Николай Шлиомович Ивасюк, когда узнал, что его коллегой стал Кащей, так прямо Мите Пупсику и сказал:

           – Митя, ну ты… ну, пусть будет – гусь лапчатый. И это я тебя так назвал, чтобы не сказать чего-нибудь похуже. От тебя только беды и жди. То тебя на мокрое дело потянет, и ты местного авторитета – конторского пасюка – завалишь, то всех нас Кащеем осчастливишь. Я уже к конторе подойти боюсь, а не то, что внутрь зайти. Так и ждёшь, что или Баба Яга в ступе появится навстречу, или ведьма на помеле из трубы вылетит, или ты… чего-нибудь ещё отчебучишь. М-да, ну и фамильица у новообретённого адвоката. Не контора, а притон сказочной нечисти какой-то.

           Николай Шлиомович, как всем хорошо известно, на язык всегда не был особенно сдержан и события, происходящие в конторе, а также и разных её персонажей характеризовал, в выражениях не особенно сдерживаясь. Например, когда в юрконсультации появился Стрибог (да-да, я не шучу – Стрибог! Но не адвокат, а один из клиентов), который пострадал на производстве – потерял глаз, а работодатель решил всякую ответственность с себя снять полностью, и от выплат Стрибогу полностью отказался, а гражданину Стрибогу понадобилась квалифицированная юридическая помощь, то адвокат Ивасюк поинтересовался у коллеги, который вёл дело Стрибога, а не надумал ли Стрибог сменить заодно и фамилию и стать Одином[4].

          – А что? – пояснял адвокат Ивасюк. – И из числа языческих богов не отчислится, и новому своему статусу будет соответствовать.

          Можно ли было ждать, что имя нового своего коллеги неполиткорректный адвокат Ивасюк оставит без внимания? Он и не оставил.

           За спиной Кащея даже поговаривали, что он мог бы, женившись, взять фамилию жены. Кащей про это прознал и пояснил, что он так не сделал, потому что:

           – Пусть дочка меняет фамилию, если захочет, а я своей фамилией горжусь: Кащей Бессмертный, Соловей-разбойник – вот знаменитейшие персонажи... А кто ещё?

           – Хумбаба, – неизбежно в таких случаях вворачивал Николай Шлиомович, делая, как нетрудно догадаться, акцент на второй части имени сказочного персонажа – «баба», – Хум-БАБА. Баба Яга…
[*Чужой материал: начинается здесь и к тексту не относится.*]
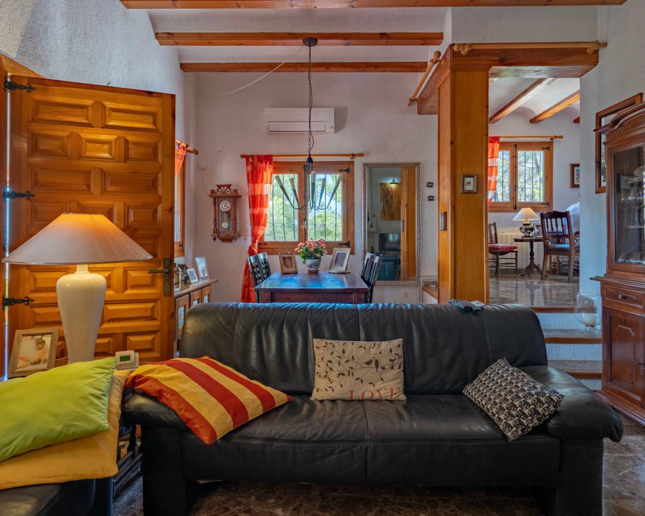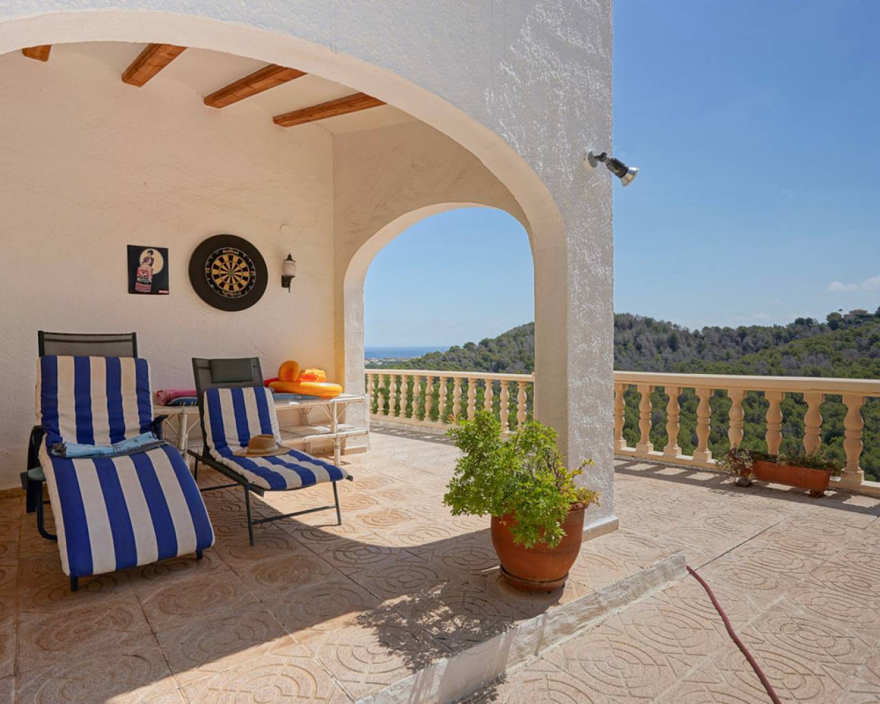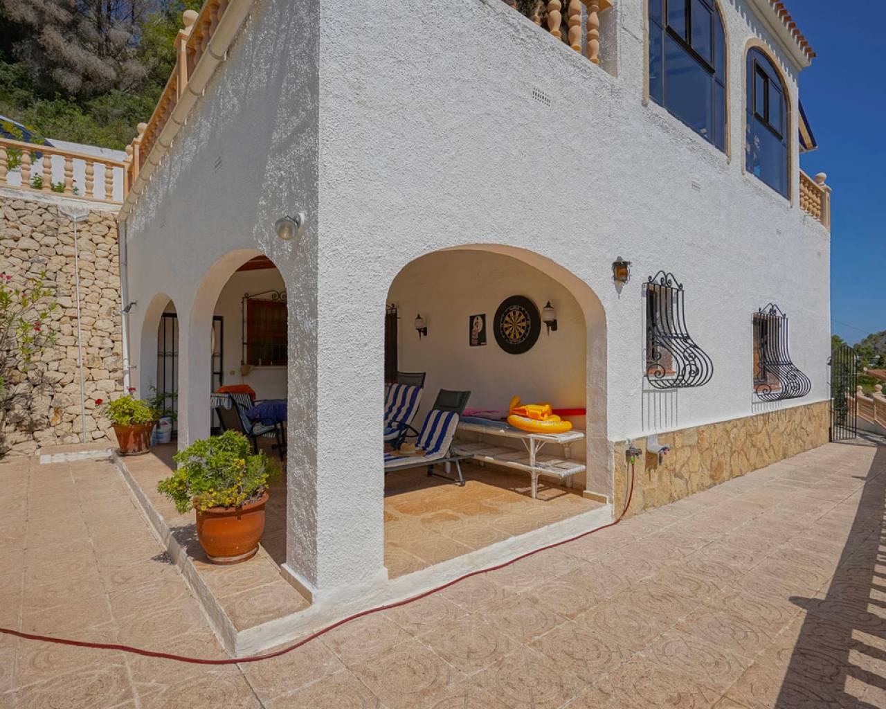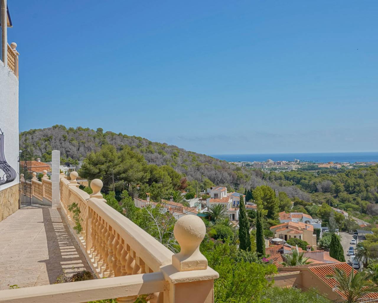 Located on a quiet cul-de-sac within the Sol de Este urbanization, this villa offers total privacy, stunning sea views, and a cozy atmosphere, ideal for both permanent residence and vacation home. Due to its elevated position, it enjoys open views over the natural landscape and the Mediterranean. The property features 4 bedrooms spread over three floors. On the main floor, we find a spacious living-dining room with a fireplace, a separate kitchen with access to a terrace and barbecue area, a study, and two bedrooms that share a bathroom. The east-facing naya, the north-facing balcony, and the south-facing terrace allow you to enjoy the sun at any time of the day. On the upper floor is the master bedroom with an en-suite bathroom. The ground floor offers an additional room, a guest toilet, a storage room with pre-installation for a kitchen—ideal for an independent apartment—and direct access to the double garage, with the possibility of expansion. Next to it, a covered terrace leads to the large private pool of 53 m² facing south. Equipped with air conditioning, gas heating via radiators, built-in wardrobes, televisions, and infrared heating, this villa offers comfort year-round. Additionally, it is only a 4-minute drive from Arenal Beach and close to the Benitachell Golf Club, making it an excellent option for both living and investing.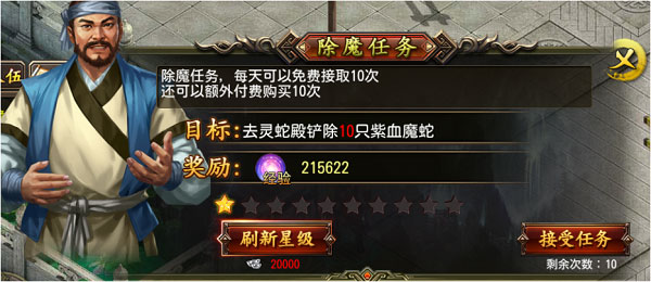 活动介绍:后期主要经验来源之一,通过完成每日的除魔任务来获取稳定的经验,在交付之时还可通过一定的游戏币来获得额外的经验值。
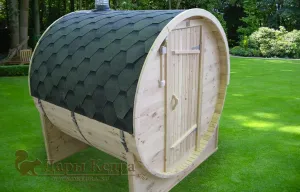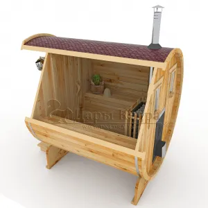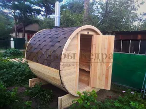 Это изделие круглой вытянутой формы с одним парильным отделением. Внутреннее пространство включает в себя печь у дальней стены и лавки из кедра по обе стороны бани. За счет компактной формы баня нагревается в течение 30 минут. По вашему желанию ее можно укомплектовать козырьком, верандой и печью с внешней загрузкой, благодаря которой весь мусор после топки остается на улице. Круглая баня-бочка не требует полноценный фундамент, поэтому при необходимости ее можно перенести в другое место.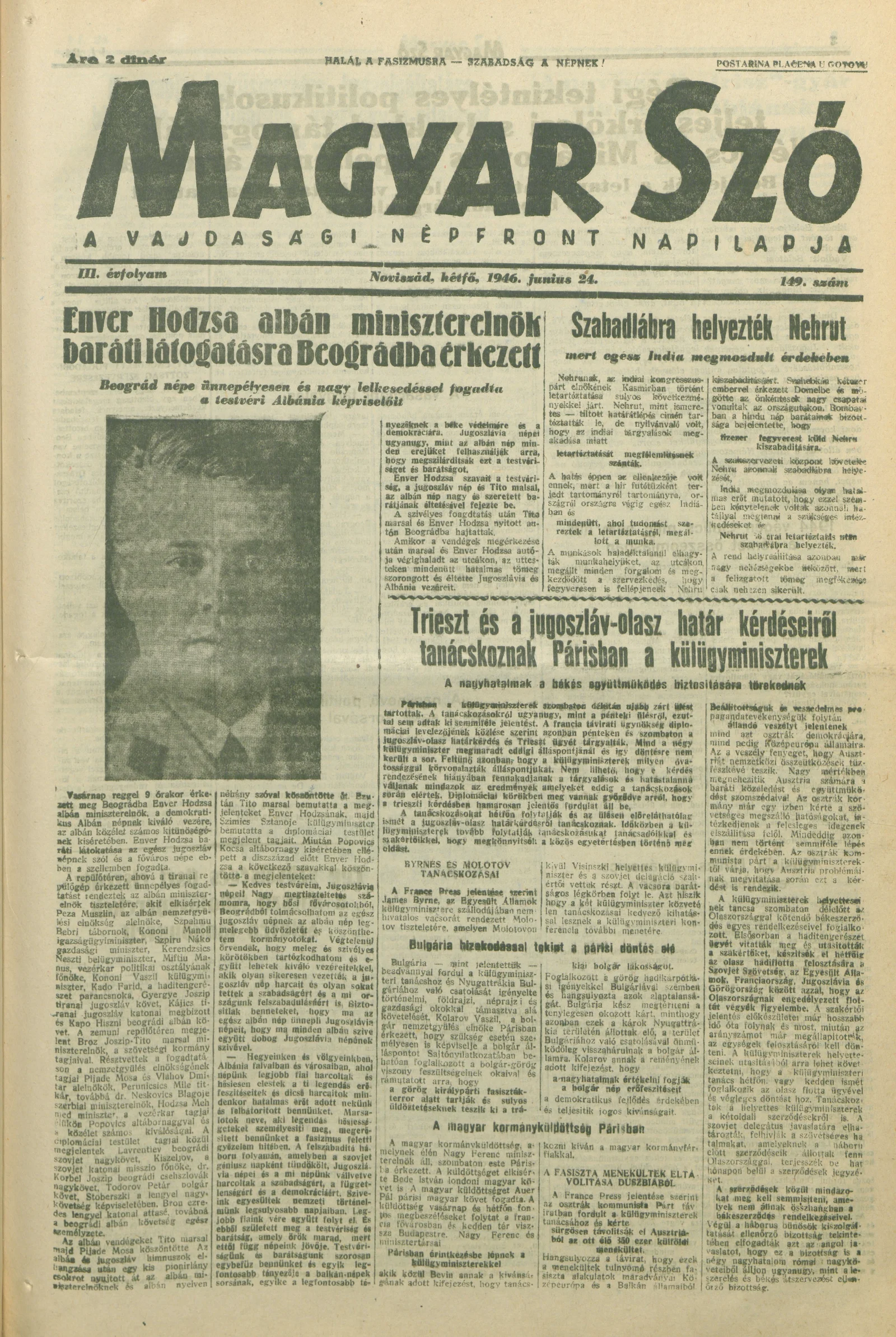 Magyar Szó, 3. évf. 1946. június 24. 149. sz. 1–6. oldal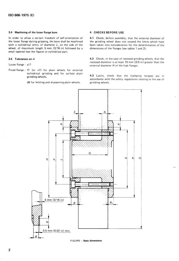 ISO 666:1975 - Machine tools -- Mounting of plain grinding wheels by means of hub flanges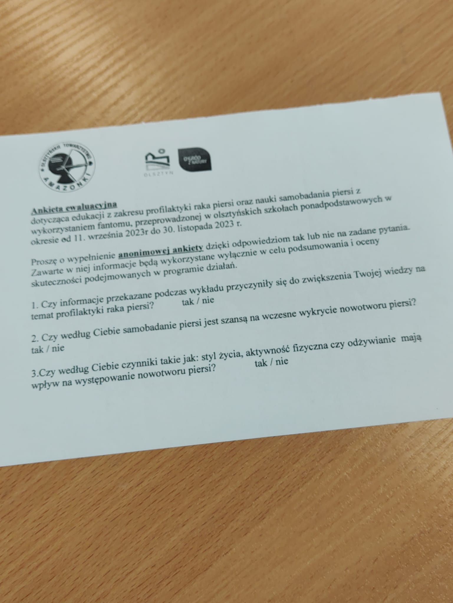 W dniu 6 października W naszej szkole odbyło się spotkanie z olsztyńskimi Amazonkami .Spotkanie dotyczyło samobadania piersi oraz profilaktyki nowotworowej .Na kolejne zapraszamy 11 października ,głównie klasy czwarte.

           Адвокат Кащей оставлял эти дополнения без внимания, повторяя, что он-то точно от фамилии не отречётся. И добавлял неизменно:

           – Ну, а дочка…

          <...>


           Какое-то время среди Приреченских адвокатов значился… Обормот. И это при том, что обормотом, ни по фамилии, ни по характеру, Обормот не был.

           Орест Ираклиевич Бормотов был адвокатом – не лучше, но и не хуже, чем большинство других. Орест Ираклиевич, в отличие от Семёна Семёновича Павлика, любил больше не кинематограф, а литературу и, чего уж греха таить, тайком пописывал. Кропал. И стихи кропал, и прозу. И если другой поэт себя под Лениным чистил, то Приреченский Бормотов чистил себя под другими литераторами. А потому как-то привык, что Фёдор Михайлович Достоевский – это просто Фёдор Достоевский, а коротко – «Ф. Достоевский». Николай Васильевич – это «Н. Гоголь». А Александр Сергеевич – если и «А. Пушкин», так – «А. Грибоедов». Следовательно, Орест Ираклиевич Бормотов – это «О. Бормотов».

           Именно так он всегда и подписывался и расписывался, а когда появилась мода на визитные карточки, то Орест Ираклиевич стал раздавать карточки, где значилось гордо и лаконично – «О. Бормотов».

           Есть легенда, или – анекдот, хотя это может быть и правдой, что, честно говоря, весьма сомнительно, но, когда писателя О’Генри спросили, как написать его фамилию: «О. Генри», или «О, Генри», – он, якобы, находчиво ответил, что «О! Генри»[5].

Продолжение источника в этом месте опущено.